Veteran Service Officer Travis told the Montezuma County Board of County Commissioners on Feb. 9 that his office is recommending the county approve a vendor agreement to obtain staff access and 25 two-month 'veteran' licenses from a company called Veteran AI to help veterans prepare benefit claims and related documentation.
Travis said the office handled more than 1,400 in-person appointments and roughly 15,000 total veteran contacts last year, and that his office processed about $6.4 million in indirect income routed through county assistance while the U.S. Department of Veterans Affairs paid about $18 million into the county. He said the VSO office spent roughly 84% of its budget last year and has received state reimbursements (about $25,000 in the prior year and roughly $11,500 submitted in January).
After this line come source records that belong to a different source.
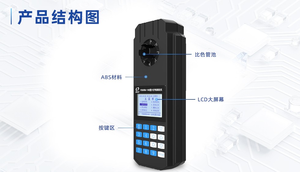 | 儀器名稱(chēng) | 便攜式六價(jià)鉻 | 儀器型號(hào) | PCHCR6-140 |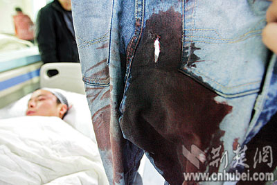 记者昨在神龙医院看到,刘先生头部被打破,头顶有个大包块,右臀部被刀捅伤,深达15厘米,另外全身多处软组织受伤。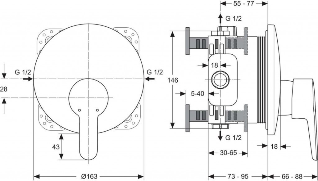 Podomítková sprchová baterie Connect Blue, bez tělesa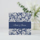 Wedding invitation cards in elegant navy blue and off white classic floral damask pattern. Customise these invitations with your wedding details. Available in matching products for all of your wedding needs.
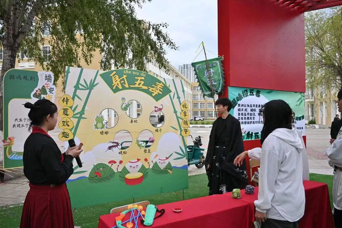 随后,师生们开始体验端午传统非遗文化民俗活动——非遗大漆技艺衍生的漆扇,非遗文化端午香囊的制作,投壶,射五毒等传统民俗小游戏,文脉相承的诗词接龙,寻踪国粹的文采阁,参与性极强的跳跳粽、蜜豆分拣局等趣味游戏。活动将唐诗宋词和国学文化常识以及其中蕴含的民族记忆,家国观念用竞技闯关的形式传达给员工,同学们在竞技闯关中体验了传统民俗魅力,涵养了中华文化。
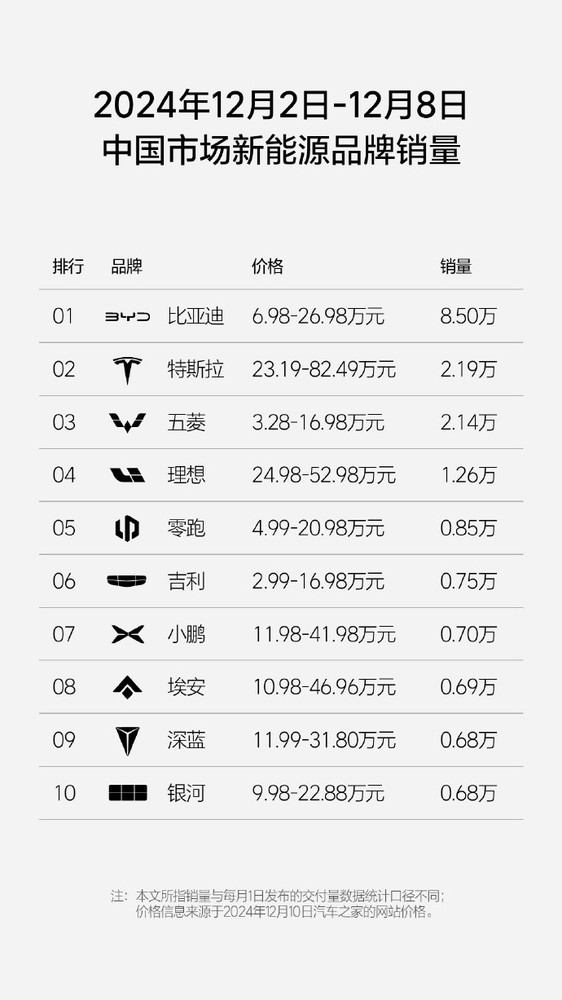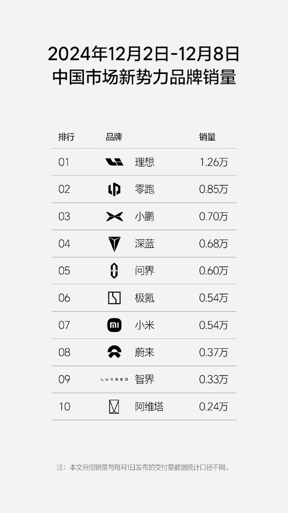 数据显示,2024年第49周(12.2-12.8),中国造车新势力销量前十分别为:理想汽车(1.26万辆)、零跑汽车(0.85万辆)、小鹏汽车(0.70万辆)、深蓝汽车(0.68万辆)、问界汽车(0.60万辆)、极氪汽车(0.54万辆)、小米汽车(0.54万辆)、蔚来汽车(0.37万辆)、智界汽车(0.33万辆)、阿维塔汽车(0.24万辆)。
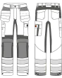 - Praktiske lommer: Stikklommer, hengelommer, lårlomme med klaff, og tommestokklomme med verktøyfester for enkel tilgang til verktøy.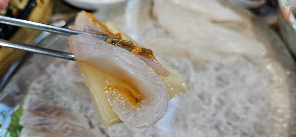 김치와 회를 양념된장에 듬뿍 찍어 먹는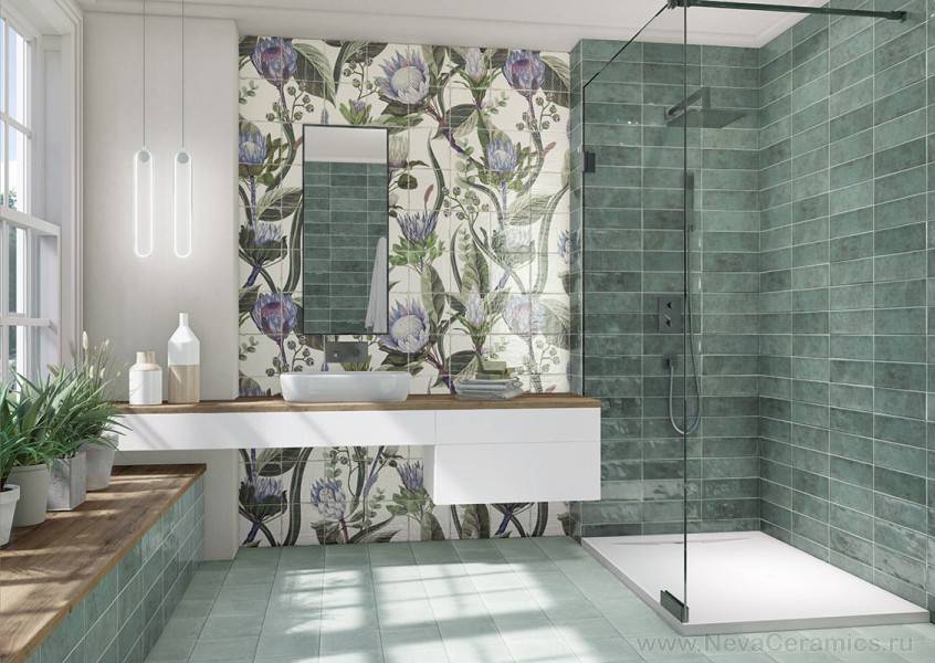 Тенденция стремления к натуральности прослеживается и в выборе цветовой гаммы для коллекций плитки. Оттенки терракоты и морской воды, листвы, мха, камня актуальны во всех проявлениях.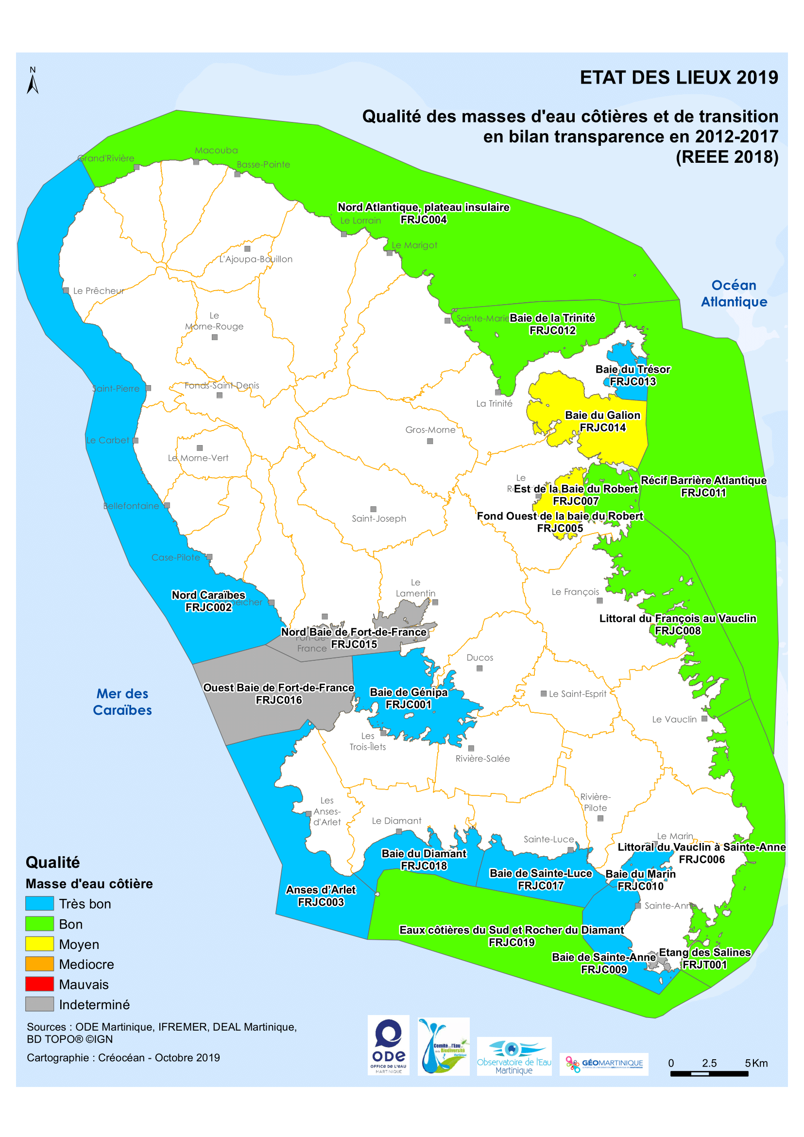 État des lieux 2019 – Qualité des masses d'eau côtières et de transition en bilan transparence en 2012-2017 (REEE 2018)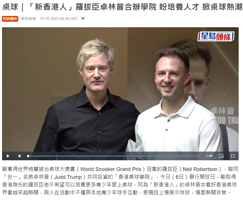 桌球|「新香港人」羅拔臣卓林普合辦學院 盼培養人才 掀桌球熱潮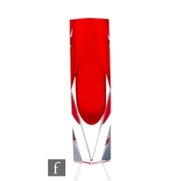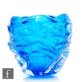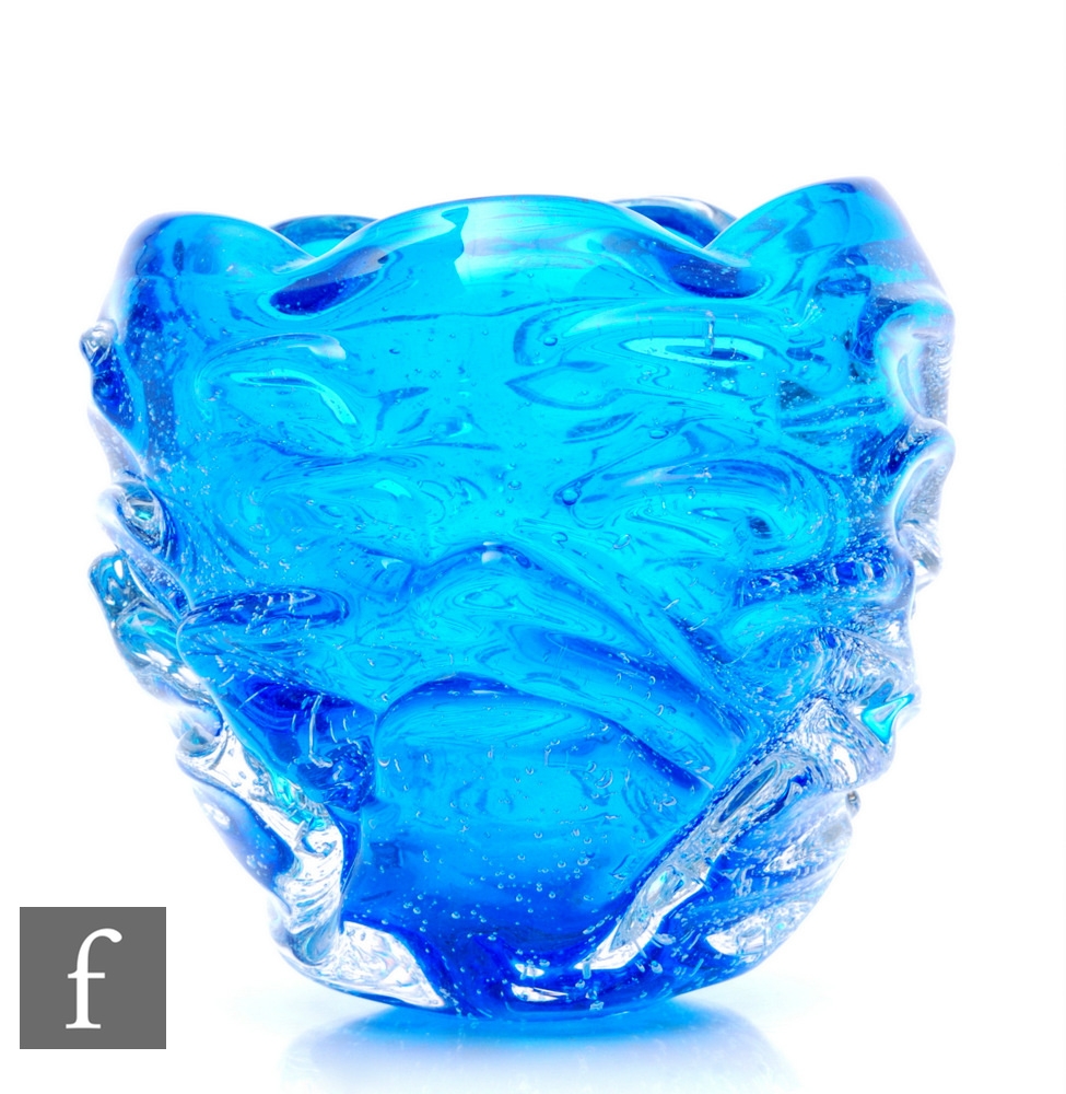 Seguso Vetri d'Arte - Murano - A mid Century sommerso glass vase of ovoid form with naturalistic moulding and undulating rim, blue core with bubble inclusions, clear cased, engraved marks, height 12cm.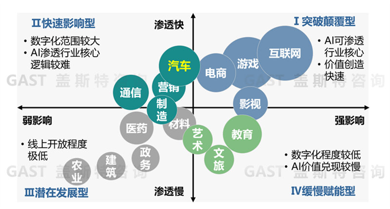 對(duì)于具體行業(yè)而言,其聯(lián)網(wǎng)程度、數(shù)字化基礎(chǔ)、行業(yè)內(nèi)容特點(diǎn)等決定大模型的應(yīng)用前景與價(jià)值。蓋斯特咨詢按照“影響程度”與“滲透速度”兩個(gè)維度,將大模型變革行業(yè)的前景分為四類(詳見(jiàn)圖4):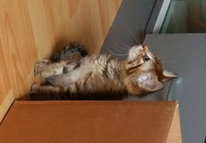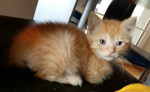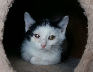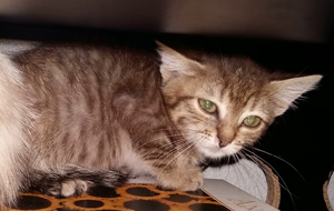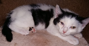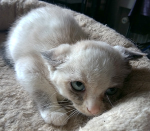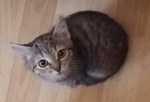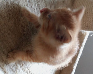 Er kuschelt stundenlang mit einem und dazu knabbert er gerne am Pullover, während natürlich auch bei ihm ständig das Motörchen rattert.

Travis described Veteran AI as an operator-run platform that provides staff tools — including templates and guidance for buddy statements, injury narratives, nexus letters and other claims documents — and allows download of a service record ('C file') to identify likely claims. He said the county would purchase a staff-level 'advocate' access for VSOs and 25 licenses the county can issue to veterans; issued licenses run for two months, after which veterans must opt to pay to continue. Travis said licenses do not expire at the county level and that unused county-purchased licenses remain available.
Commissioners asked for clarification about cost, duration and expected benefits. Travis said the main value is giving VSOs direct tools to accelerate claim preparation and to help veterans who are not technologically fluent; one commissioner and an attorney present described the platform as a potential time-saver for complex appeals work. No formal contract vote occurred; Travis said the item is being submitted for commissioner review as part of routine procurement and budgeted in his operations request.
The board did not take immediate action; staff were asked to include contract documentation and cost breakdown in an upcoming agenda packet so procurements and budget impacts can be reviewed publicly.
The next step: the Veteran AI contract will be routed through the county's normal procurement process and appear to the commissioners for formal approval and any required fiscal action.